Search code examples
tensorflowscikit-learnneural-networkregressiontflearn

tflearn multi layer perceptron with unexpected prediction


I would like to rebuild a MLP I implemented first with scikit-learn's MLPRegressor with tflearn.

sklearn.neural_network.MLPRegressor implementation:

train_data = pd.read_csv('train_data.csv', delimiter = ';', decimal = ',', header = 0)
test_data = pd.read_csv('test_data.csv', delimiter = ';', decimal = ',', header = 0)

X_train = np.array(train_data.drop(['output'], 1))
X_scaler = StandardScaler()
X_scaler.fit(X_train)
X_train = X_scaler.transform(X_train)

Y_train = np.array(train_data['output'])

clf = MLPRegressor(activation = 'tanh', solver='lbfgs', alpha=0.0001, hidden_layer_sizes=(3))
clf.fit(X_train, Y_train)
prediction = clf.predict(X_train)

The model worked and I got an accuracy of 0.85. Now I would like to build a similar MLP with tflearn. I started with the following code:

train_data = pd.read_csv('train_data.csv', delimiter = ';', decimal = ',', header = 0)
test_data = pd.read_csv('test_data.csv', delimiter = ';', decimal = ',', header = 0)

X_train = np.array(train_data.drop(['output'], 1))
X_scaler = StandardScaler()
X_scaler.fit(X_train)
X_train = X_scaler.transform(X_train)

Y_train = np.array(train_data['output'])
Y_scaler = StandardScaler()
Y_scaler.fit(Y_train)
Y_train = Y_scaler.transform(Y_train.reshape((-1,1)))

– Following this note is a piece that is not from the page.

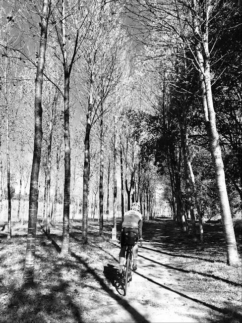 Como decía en el vídeo, inicio más fresquito y boscoso que el de ayer, terreno algo más quebrado, bueno, mucho más. Muchos repechitos con curvas a un lado y en definitiva, más entretenido y distraído que el de las largas rectas de ayer.

net = tfl.input_data(shape=[None, 6])
net = tfl.fully_connected(net, 3, activation='tanh')
net = tfl.fully_connected(net, 1, activation='sigmoid')
net = tfl.regression(net, optimizer='sgd', loss='mean_square', learning_rate=3.)

clf = tfl.DNN(net)
clf.fit(X_train, Y_train, n_epoch=200, show_metric=True)
prediction = clf.predict(X_train)

At some point I definitely configured something the wrong way because the prediction is way off. The range of Y_train is between 20 and 88 and the prediction shows numbers around 0.005. In the tflearn documentation I just found examples for classification.

UPDATE 1:

I realized that the regression layer uses by default 'categorical_crossentropy' as loss-function which is for classification problems. So I selected 'mean_square' instead. I also tried to normalize Y_train. The prediction still not even matches the range of Y_train. Any thoughts?

FINAL UPDATE:

Take a look at the accepted answer.


Solution

  • I made a couple of actually really dumb mistakes.

    First of all I scalled the output to the interval 0 to 1 but used in the output-layer the activatuion function tanh which delivers values from -1 to 1. So I had to use either an activation function that outputs values between 0 and 1 (like e.g. sigmoid) or linear without any scaling applied.

    Secondly and most importantly, for my data I chose a pretty bad combination for learning rate and n_epoch. I didn't specify any learning rate and the default one is 0.1, I think. In any case it was too small (I end up using 3.0). At the same time the epoch count (10) was also far too small, with 200 it worked fine.

    I also explicitly chose sgd as optimizer (default: adam), which turned out to work a lot better.

    I updated the code in my question.